GBN receiver는 매우 단순하다. expected sequence number를 가진 in-order packet이 오면 data를 upper layer에 deliver하고 ACK를 보낸다. out-of-order packet은 correctly received라도 discard하고, 가장 최근 in-order packet에 대한 ACK를 다시 보낸다. receiver buffering이 단순해지는 대신, sender가 timeout 때 이미 받았던 packets까지 다시 보낼 수 있다.

Go-Back-N in operation

_{Figure 3.22 · PDF p. 231 · packet 2 loss 뒤 GBN receiver가 out-of-order packets 3, 4, 5를 discard하고 sender가 window 뒤쪽 packets까지 재전송하는 흐름}

GBN은 sequence numbers, cumulative acknowledgments, checksums, timeout/retransmit을 모두 사용한다. 이들은 이후 TCP reliable transfer에서 다시 등장한다. 그러나 window size와 bandwidth-delay product가 크고 error probability가 높으면, 단일 packet error가 많은 unnecessary retransmissions를 일으킨다.

Selective Repeat (SR): 필요한 packet만 재전송

Selective Repeat(SR)은 GBN의 낭비를 줄이기 위해 receiver가 correctly received packets를 개별적으로 ACK하고, sender는 lost/corrupted로 의심되는 packets만 retransmit한다. 이 때문에 receiver는 out-of-order packets를 discard하지 않고 buffer한다.

Selective Repeat sender and receiver windows

_{Figure 3.23 · PDF p. 232 · SR에서 sender window와 receiver window가 서로 다를 수 있으며, receiver는 out-of-order buffered packets를 관리한다}

SR sender와 receiver 동작은 다음처럼 대비된다.

구분	SR sender	SR receiver
window	unacknowledged packets 제한	acceptable sequence numbers 제한
ACK 처리	packet별 ACK를 받으면 해당 packet을 received로 mark	correctly received packet은 in-order 여부와 무관하게 ACK
timeout	packet별 logical timer로 해당 packet만 retransmit	timeout 처리 없음
buffering	sent but unacknowledged packets 보관	out-of-order packets buffer
delivery	sender는 delivery 없음	missing lower seq packets가 도착하면 buffered consecutive packets를 batch deliver

Selective Repeat operation

_{Figure 3.26 · PDF p. 234 · packet 2 loss 상황에서 SR receiver가 packets 3, 4, 5를 buffer하고, packet 2가 도착하자 함께 in-order deliver하는 흐름}

SR receiver가 이미 받은 packet을 다시 ACK해야 하는 경우도 중요하다. sender의 ACK가 lost되면 sender는 packet을 retransmit할 수 있다. receiver가 “이미 받은 packet”이라고 무시하면 sender의 window가 영원히 움직이지 않을 수 있다. 그래서 receiver는 일정 범위의 previously received packets에 대해서도 ACK를 다시 보낸다.
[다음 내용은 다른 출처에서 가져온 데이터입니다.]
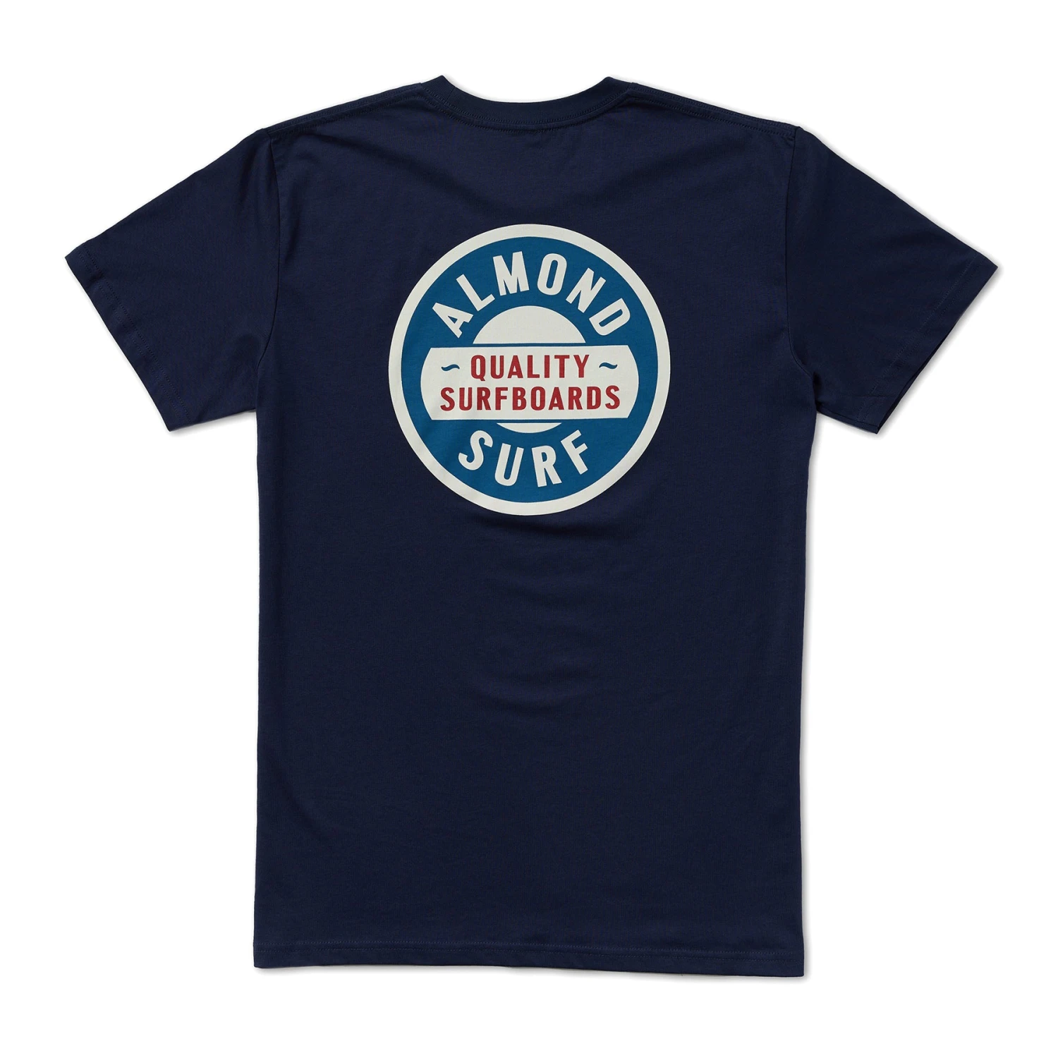 Expertly printed in California, this 100% cotton navy tee features the new almond surfboards badge logo, showcasing the brand’s commitment to quality and style. Illustrated by Steve Wolf for Almond Surfboards.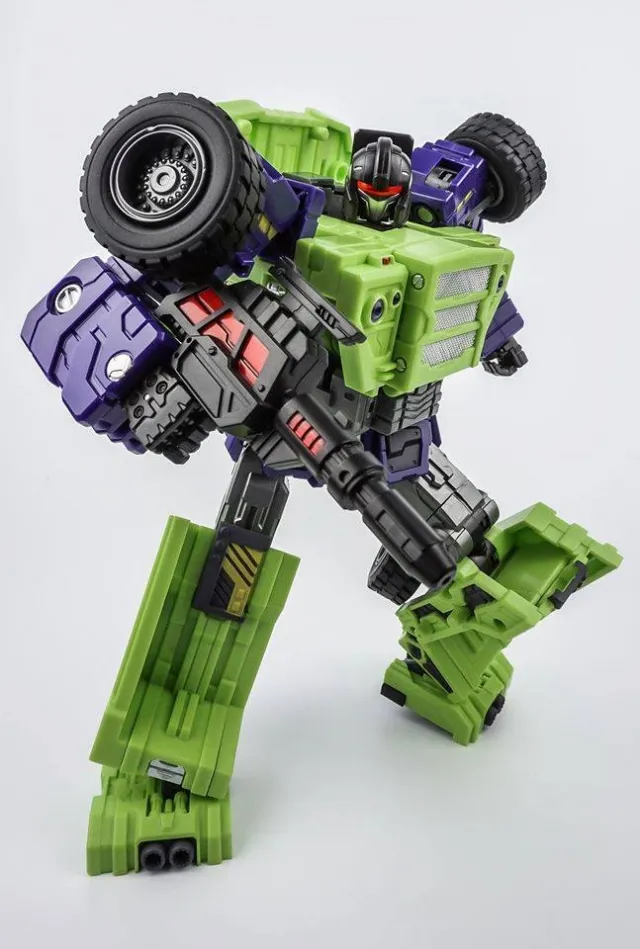 This mighty construction combiner will stand around 20"/50CM tall when combined! Robots feature moving tank tracks, LED lights, and weapons that fire.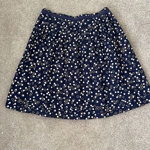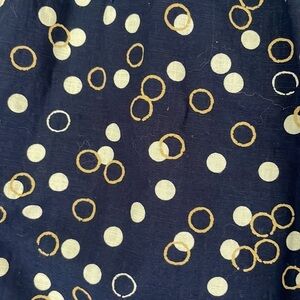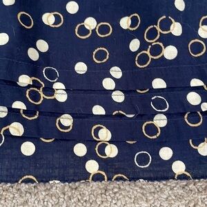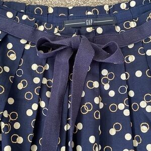 Gap pleated full skirt. Decretive tie in front, side hidden zipper, pleats around top of skirt. Excellent condition, no stains or tears. Navy print with cream and gold circles. So cute. 100% cotton lined inside. Gap size 2, actually a Size 10, waist 15”, length 21”.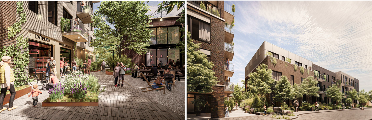 Entrée sud de la ruelle verte, rue Sainte-Anne, et vue sur le bâtiment de trois étages reprenant la typologie du quartier environnant offrant une transition douce de hauteur (bâtiments B et C). La ruelle sera aménagée avec des espaces extérieurs de détente prévus pour les locataires et un aménagement paysager assurant une intimité aux entrées. – Source : ADHOC

SR window size 제약과 sequence number ambiguity

SR은 sender와 receiver windows가 항상 일치하지 않는다. 이 때문에 finite sequence number space에서는 ambiguity가 생길 수 있다. window size가 너무 크면 receiver는 동일한 sequence number를 가진 packet이 old retransmission인지 new data인지 구분하지 못한다.

SR receiver dilemma

_{Figure 3.27 · PDF p. 236 · SR에서 window가 너무 크면 sequence number 0이 old retransmission인지 new packet인지 receiver가 구분할 수 없는 문제}

핵심 조건은 다음과 같다.

For Selective Repeat:
  window size <= (sequence number space size) / 2

이 조건은 reused sequence number가 아직 network 안에 남아 있는 old packet과 충돌하지 않게 하기 위한 것이다. 실제 network에서는 packet reordering도 가능하므로, protocol은 sequence number를 재사용하기 전에 이전 packet이 network에서 사라졌다고 볼 수 있는 maximum packet lifetime도 고려한다. TCP high-speed extensions에서는 packet lifetime을 대략 수분 단위로 가정하는 맥락이 나온다.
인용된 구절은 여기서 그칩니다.